Passing a tuple of `past_key_values` is deprecated and will be removed in Transformers v4.48.0. You should pass an instance of `EncoderDecoderCache` instead, e.g. `past_key_values=EncoderDecoderCache.from_legacy_cache(past_key_values)`.


Step,Training Loss
200,1.3577
400,0.1665
600,0.1669
800,0.1499




KeyboardInterrupt: 

In [37]:
trainer.save_model("instruct-model")

In [38]:
instruct_model = AutoModelForSeq2SeqLM.from_pretrained("instruct-model").to("cuda")

In [39]:
my_pipe("English: How are you? Danish: ", instruct_model)

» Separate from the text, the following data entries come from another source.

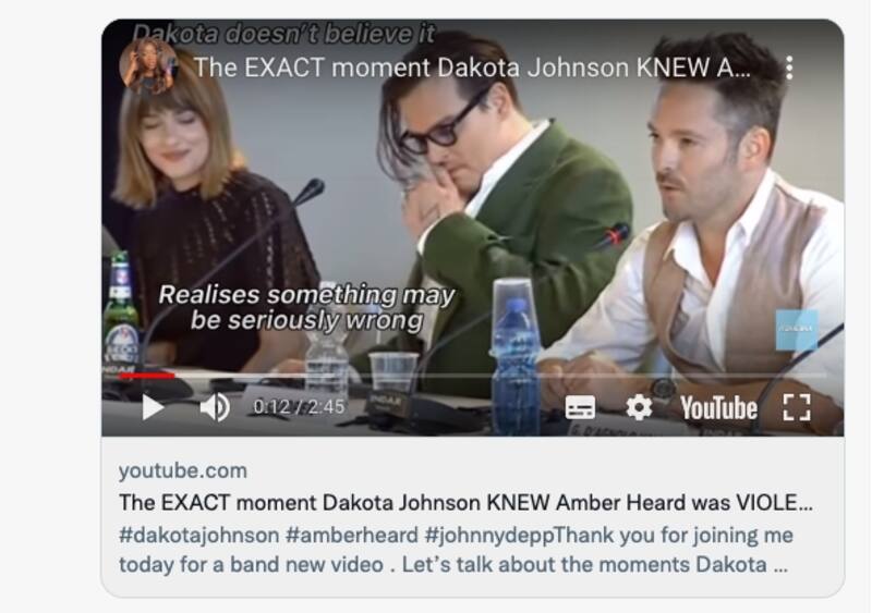 Se les ve intercambiar unas palabras inaudibles que hacen reír a Johnson. Pero segundos después, el semblante de ella cambia. Algunos internautas interpretaron, siete años después del video, que Dakota sospechaba que había algo más detrás de la lesión. El título del video vuelto viral durante el juicio fue "The EXACT moment Dakota Johnson KNEW Amber Heard was VIOLENT towards Johnny Depp.”
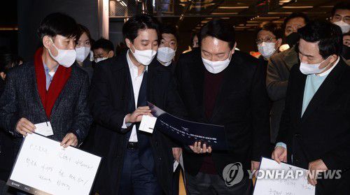 윤 후보와 이 대표는 경기장에 입장하기 전 마련된 'A4 용지'에 응원 팻말 문구를 적었다.
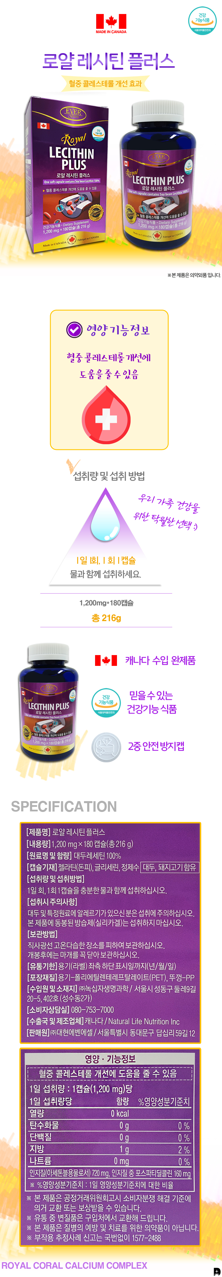 ◆Authentic◆[Nutrition Canada] 1200mg x 180ea Premium Lecithin Plus
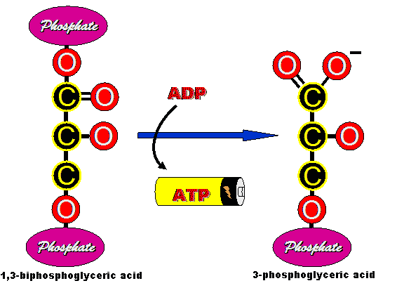 by the enzyme phosphoglycerate kinase, a molecule of ADP gets phosphorylated
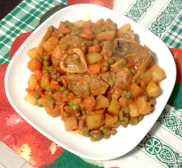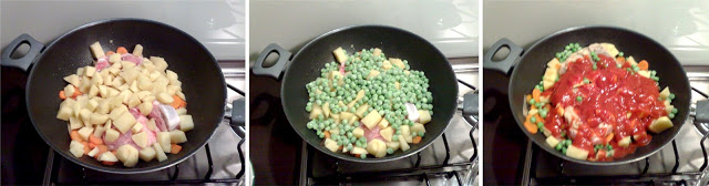 Appena il vino sarà evaporato aggiungete le patate, i piselli e la salsa di pomodoro.
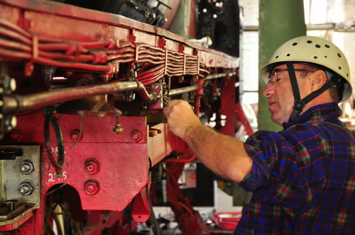 Kolbenstangen, Zapfen und Achswellen und der Stangensatz der Lokomotive wurden mittlerweile rissgeprüft und für gut befunden:
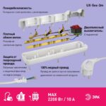 Характеристики Удлинитель электрический ЭРА UX-5es-3m с заземлением с выключателем 5 розеток 3 м ПВС 3×0,75мм2 10А:

'<pad> Hvordan er du?</s>'

try to use your new, instruction tuned model for the pipeline function you made earlier, and test it on a handful of examples again
does it perform better than before?
why?
What if you instruct it to perform a different task? does the performance transfer?
why?
if you wanted to instruction tune a model to be able to solve a multitude of tasks (like chatpgt), what kind of training data would you need?
how would you produce that kind of data?
what are the limitations?

One- and few-shot inference: With smaller and more manageable models, you can sometimes achieve good performance with good prompting and in-context learning. This can happen, for example, if the model has been trained on similar tasks, and it just requires some nudging to adapt its behavior to a new task/data;
Instruction fine-tuning: If in-context learning is not enough, you can fine-tune your model. Note that here we have fine-tuned a relatively small model, and scaling to larger models can become prohibitively resource-intensive.